#### [What you have to do]
Give back the lines below exactly, but do not include any pictures.
### Recorded information ###
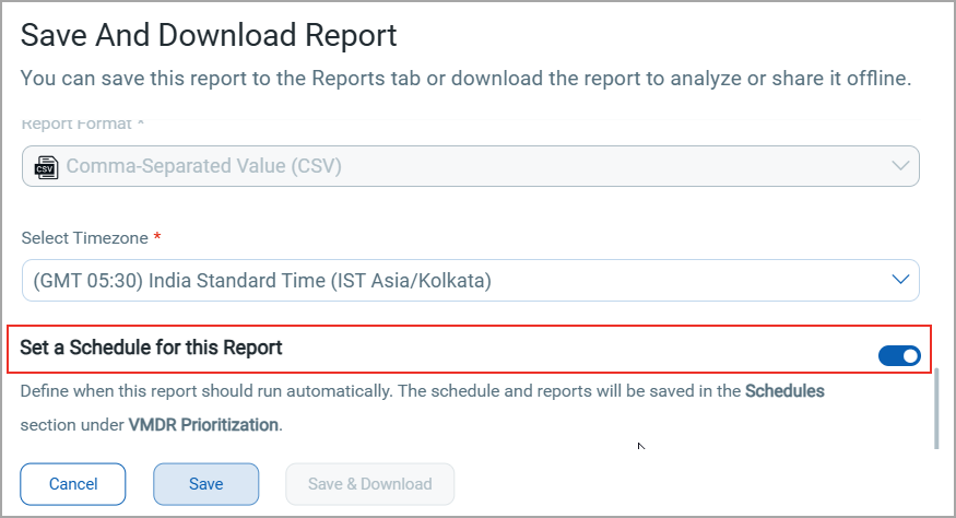 On clicking Save, the VMDR prioritization report is saved to the Reports section. On clicking Save & Download, the VMDR Prioritization report is saved to the Reports section and downloaded to your local system.
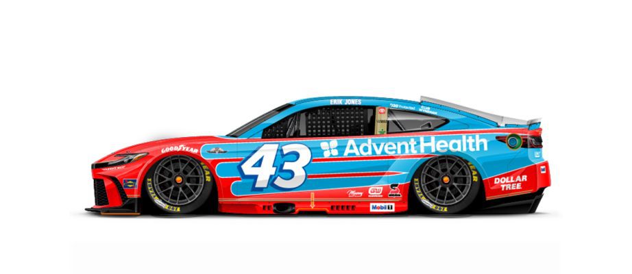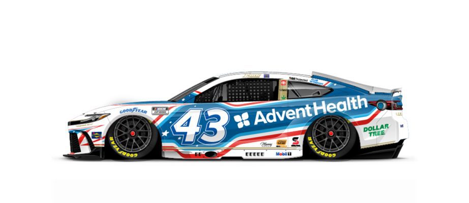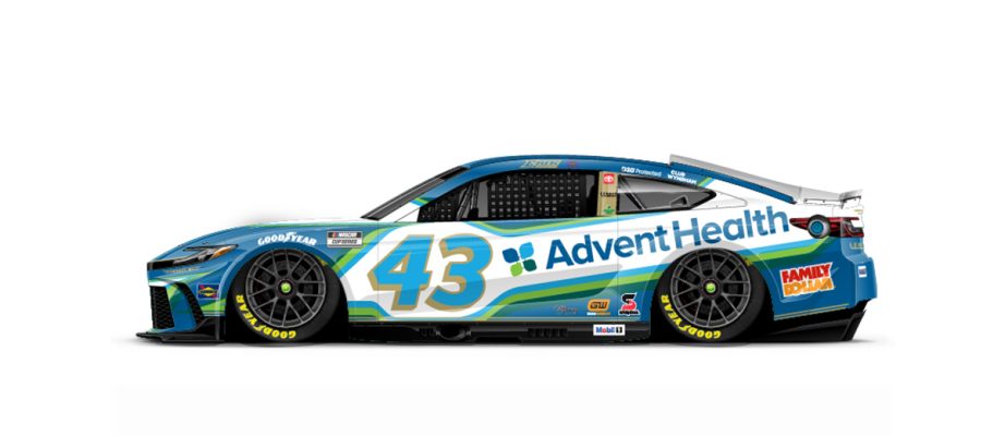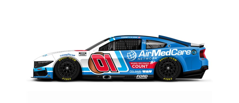 Corey LaJoie #01 AirMedCare Network Ford Mustang-New sponsor for 2025, blue and white with stripes. A
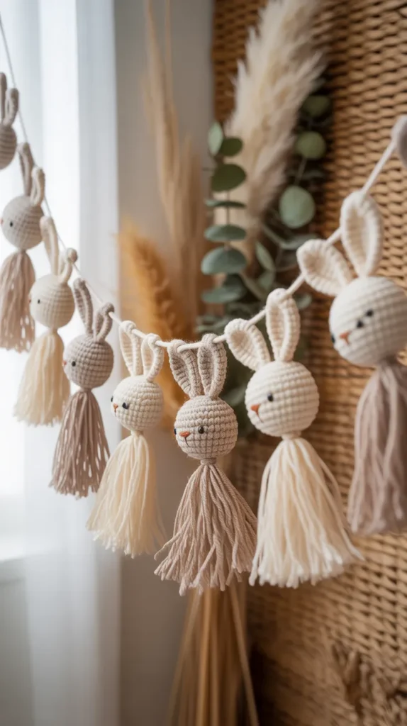 Boho bunny garlands include fringe tails, tassels, or macrame details. They pair well with woven decor and neutral walls, making them popular for Pinterest-inspired homes.
###
#### [Exercise response]
 On clicking Save, the VMDR prioritization report is saved to the Reports section. On clicking Save & Download, the VMDR Prioritization report is saved to the Reports section and downloaded to your local system.
 Corey LaJoie #01 AirMedCare Network Ford Mustang-New sponsor for 2025, blue and white with stripes. A
 Boho bunny garlands include fringe tails, tassels, or macrame details. They pair well with woven decor and neutral walls, making them popular for Pinterest-inspired homes.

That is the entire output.